Re: java.io.Writer uses CharSequence.toString()

2016-07-29 Thread Brent Christian

Hi,

This idea has been brought up before [1].

I concur with Pavel's assessment.  I would add that now that latin-1 
Strings are stored in a more compact form in JDK 9 ("Compact Strings" 
[2]), the performance profile of string data is further complicated.


Thanks,
-Brent

1. https://bugs.openjdk.java.net/browse/JDK-6206838
2. https://bugs.openjdk.java.net/browse/JDK-8054307
On 07/29/2016 10:21 AM, Pavel Rappo wrote:

Once again, while I agree in some places it could have been done a bit better
probably, I would say it's good to a have a look at benchmarks first.

If they show there's indeed a big difference between

char[] copy = new chars[charSequence.length()];
String s = charSequence.toString();
s.getChars(0, s.length, copy, 0);

and

char[] copy = new chars[charSequence.length()];
charSequence.getChars(0, charSequence.length(), copy, 0);

it could justify an increase in complexity of CharBuffer.append or introducing a
new default method (getChars/fillInto) into CharSequence.
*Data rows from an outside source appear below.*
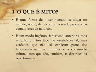 O documento discute o conceito de mito, definindo-o como uma forma primitiva de explicar o mundo que dá significado à existência humana e diretrizes para a ação. Explica que os mitos surgiram para afastar medo e insegurança e eram representados em rituais. Também discute como os meios de comunicação modernos fabricam novos mitos e como estes organizam um mundo superficial sem contradições.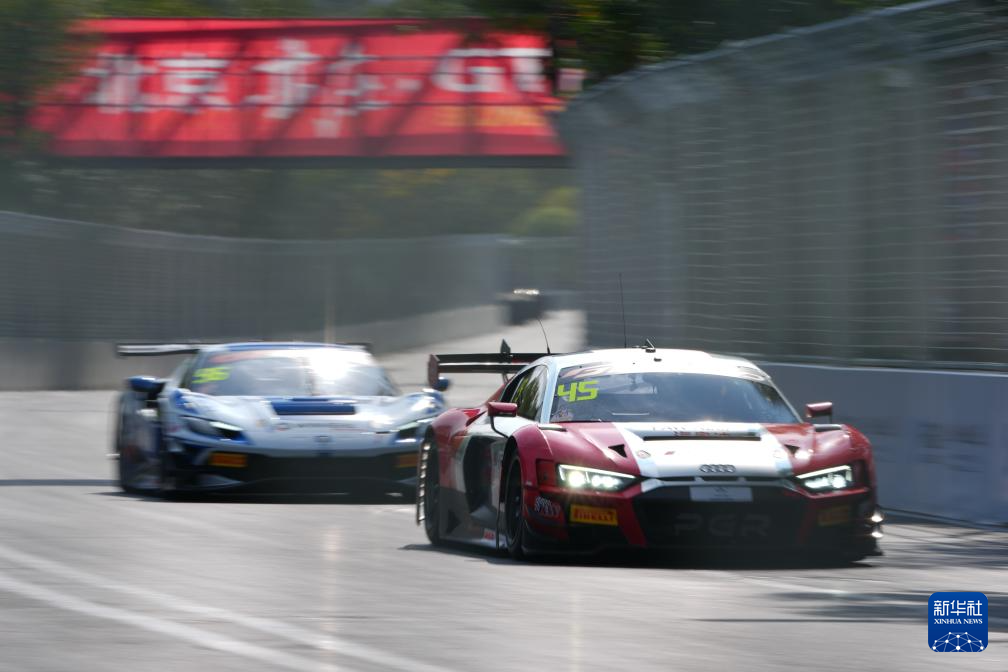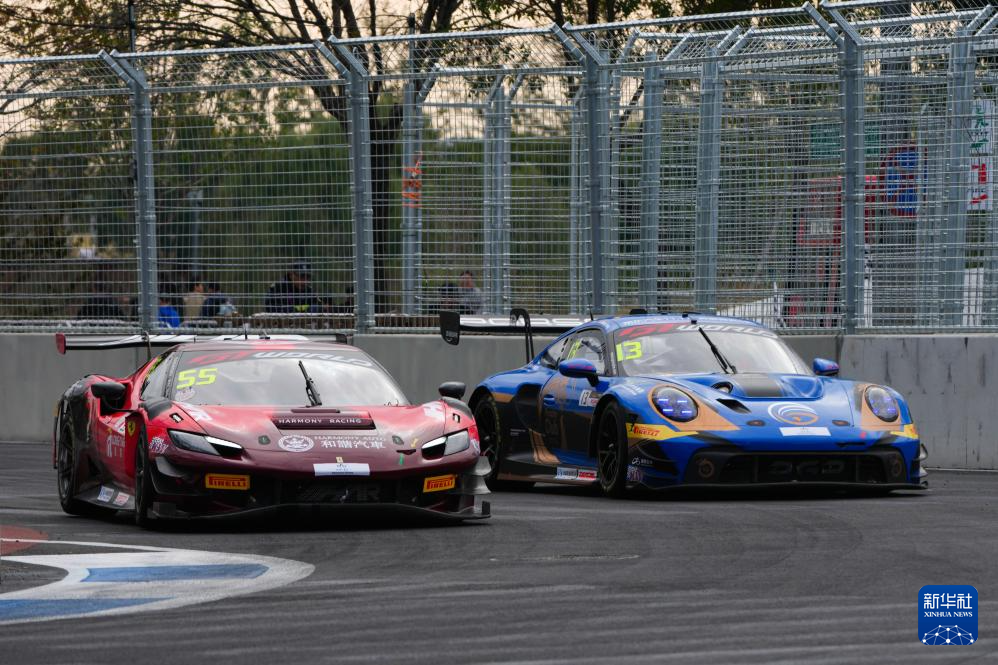 10月18日,胜地-和谐车队中国车手张亚琦/叶一飞(左)和魅影环球车队中国车手李超(中国)/方骏宇(中国香港)驾驶赛车在亚洲系列赛预排位赛中。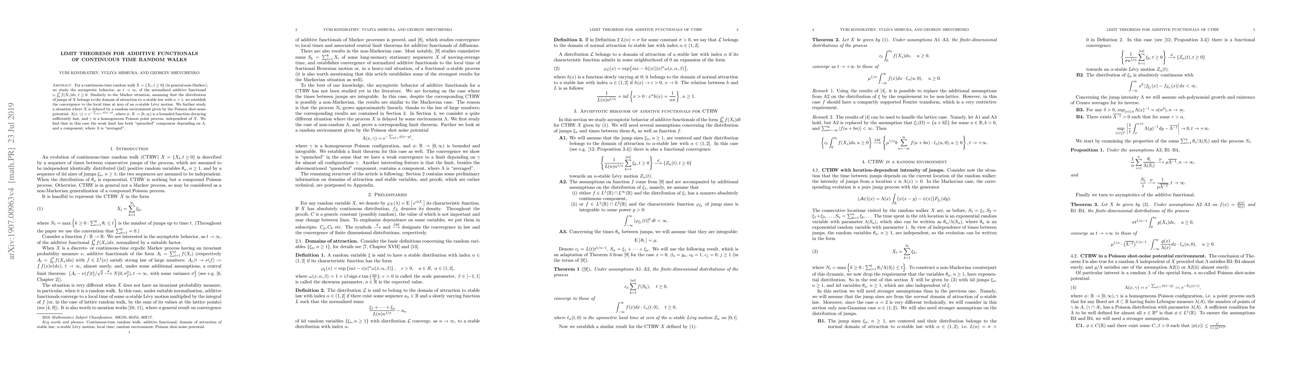 This research paper studies the asymptotic behavior of a normalized additive functional of continuous-time random walks, establishing convergence to local time at zero under certain conditions, and also investigates its behavior in the presence of Poisson shot-noise potential.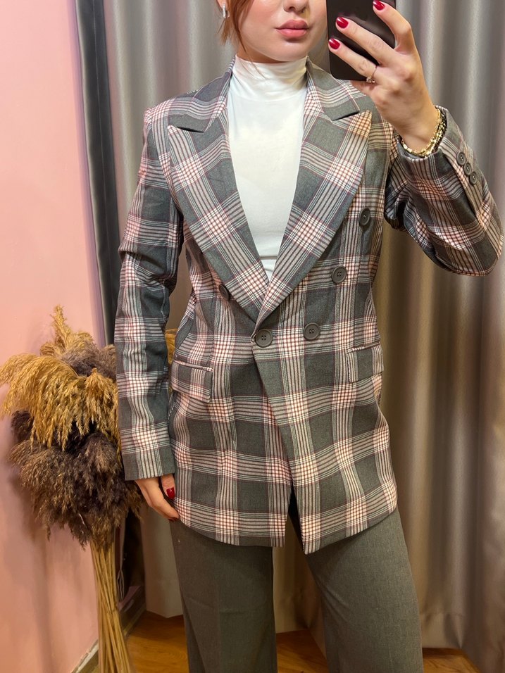 Ekose Desenli Gri Kadın Blazer Ceket S-M-L-XL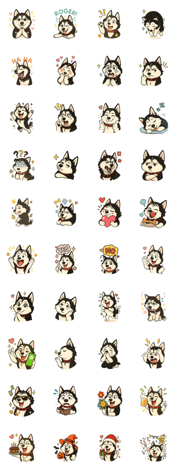 Husky Hype: Full-On Expressions! -LINEスタンプマニア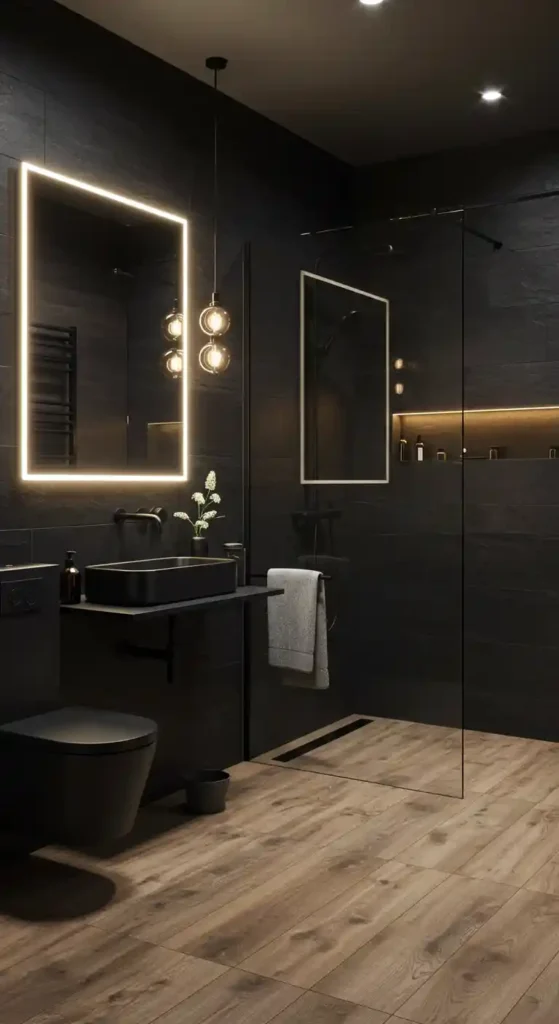 Wood-look tiles add a rustic touch to the dramatic black walls, balancing the design’s intensity.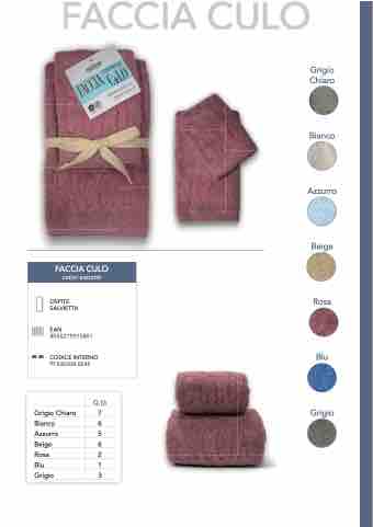 FACCIA CULO FACCIA CULO colori assortiti OSPITE SALVIETTA EAN 8056219015801 CODICE INTERNO PF500508.0045 Q.tà Grigio Chiaro Bianco Azzurro Beige Rosa Blu Grigio Grigio Chiaro 7 Bianco 6 Azzurro 5 Beige 6 Rosa 2 Blu 1 Grigio 3
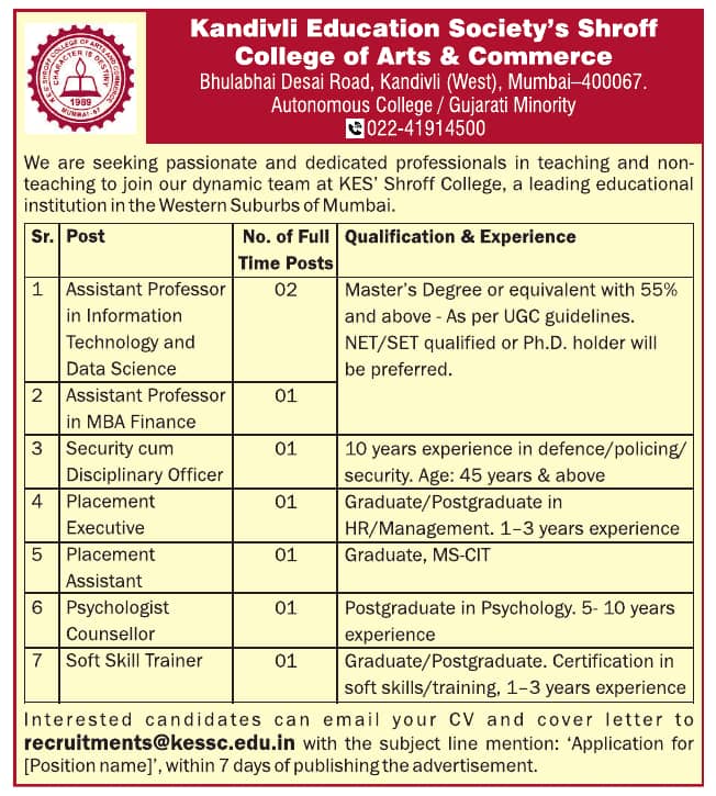 Hiring Organization: Kandivli Education Society’s Shroff College of Arts & Commerce, Mumbai

Possibly. Or maybe
not. Because there might be some nontrivial effects we are completely unaware 
of.

Btw, what do you mean by "extract char[]" from StringBuilder? Do you want
StringBuilder to give away a reference to its char[] outside? If not, than
what's the difference between "extract char[]" from StringBuilder and "use
String" in your algorithm?

The bottom line is whatever you suggest would likely need a good justification.
To me it's not immediately obvious that something like this

 public CharBuffer append(CharSequence csq) {
 if (csq == null) {
 put("null");
 } else if (csq instanceof StringBuilder) {
 char[] chars = new char[csq.length()];
 ((StringBuilder) csq).getChars(0, csq.length(), chars, 0);
 put(chars);
 } else if (csq instanceof StringBuffer) {
 char[] chars = new char[csq.length()];
 ((StringBuffer) csq).getChars(0, csq.length(), chars, 0);
 put(chars);
 } else if (csq instanceof CharBuffer) {
 CharBuffer buffer = (CharBuffer) csq;
 int p = buffer.position();
 put(buffer);
 buffer.position(p);
 } else {
 for (int i = 0; i < csq.length(); i++) {
 put(csq.charAt(i));
 }
 }
 return this;
 }

is better than this (what's there today)

 public CharBuffer append(CharSequence csq) {
 if (csq == null)
 return put("null");
 else
 return put(csq.toString());
 }


On 29 Jul 2016, at 15:12, e...@zusammenkunft.net wrote:

Hello,

Have to agree with Fabian handling CharSequences (and special case 
StringBuilder) is pretty weak, in CharBuffer.append(CharSequence) you see the 
same toString. I would expect it to do:
- Instamceof String -> use it
- Instance of StringBuilder -> extract char[] and iterate
- Instance of CharBuffer -> handle
- Otherwise: Loop over charAt

(the otherwise might be a tradeof between allocation and (not)inlined bounds 
checks)

Alternative would be a CharSequence.fillInto(char[])

BTW wouldn't it be create if char[] implements CharSequence?

Gruss
Bernd
--
http://bernd.eckenfels.net
 From Win 10 Mobile

Von: Fabian Lange






Re: java.io.Writer uses CharSequence.toString()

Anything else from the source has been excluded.